_Task_: The records that follow must be repeated exactly, except for their pictures.

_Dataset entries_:
####################
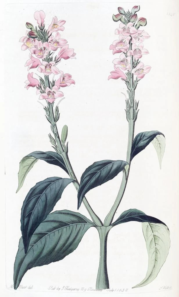 Sydenham Edwards ist eine ikonische Figur der botanischen Illustration des 19. Jahrhunderts. Seine Arbeit, beeinflusst von den wissenschaftlichen Fortschritten seiner Zeit, hat es ermöglicht, Kunst und Botanik auf eine neuartige Weise zu verbinden. Als Illustrator für Fachwerke konnte er das Wesen der Pflanzen mit bemerkenswerter Präzision einfangen. Der kunstdruck der Justicia mit quadratischem Stiel zeigt sein Talent perfekt, wobei jede Blume mit einer Treue dargestellt wird, die sein Engagement für Wissenschaft und Ästhetik bezeugt.
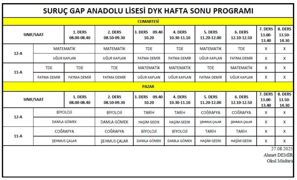 Suruç GAP Anadolu Lisesinde Destekleme ve Yetiştirme Kursları (DYK) haftalık programı uygulanmaya başlamıştır
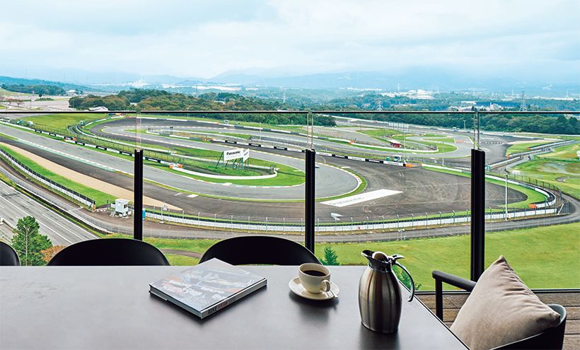 バルコニーから見渡せる富士スピードウェイでは、年間を通してレースが開催されている。また、コースでの体験走行なども楽しめる。
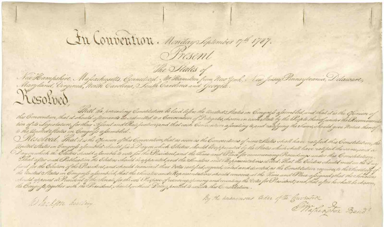 This historic display will also include the rarely displayed fifth page of the Constitution. This original document outlines a set of instructions to the States on how to implement the Constitution, signed by George Washington as President of the Constitutional Convention.
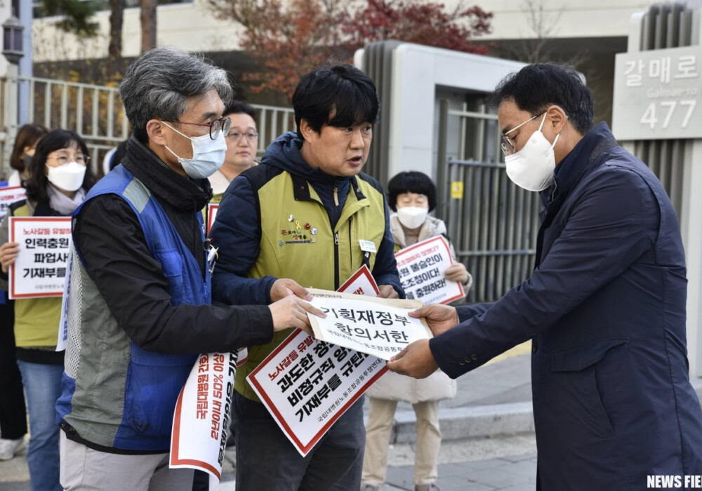 국립대학교병원노동조합 연대체는 기자회견을 마무리하고 기획재정부에 항의서한을 전달했다.
####################
_Response for this exercise_:
 Sydenham Edwards ist eine ikonische Figur der botanischen Illustration des 19. Jahrhunderts. Seine Arbeit, beeinflusst von den wissenschaftlichen Fortschritten seiner Zeit, hat es ermöglicht, Kunst und Botanik auf eine neuartige Weise zu verbinden. Als Illustrator für Fachwerke konnte er das Wesen der Pflanzen mit bemerkenswerter Präzision einfangen. Der kunstdruck der Justicia mit quadratischem Stiel zeigt sein Talent perfekt, wobei jede Blume mit einer Treue dargestellt wird, die sein Engagement für Wissenschaft und Ästhetik bezeugt.
 Suruç GAP Anadolu Lisesinde Destekleme ve Yetiştirme Kursları (DYK) haftalık programı uygulanmaya başlamıştır
 バルコニーから見渡せる富士スピードウェイでは、年間を通してレースが開催されている。また、コースでの体験走行なども楽しめる。
 This historic display will also include the rarely displayed fifth page of the Constitution. This original document outlines a set of instructions to the States on how to implement the Constitution, signed by George Washington as President of the Constitutional Convention.
 국립대학교병원노동조합 연대체는 기자회견을 마무리하고 기획재정부에 항의서한을 전달했다.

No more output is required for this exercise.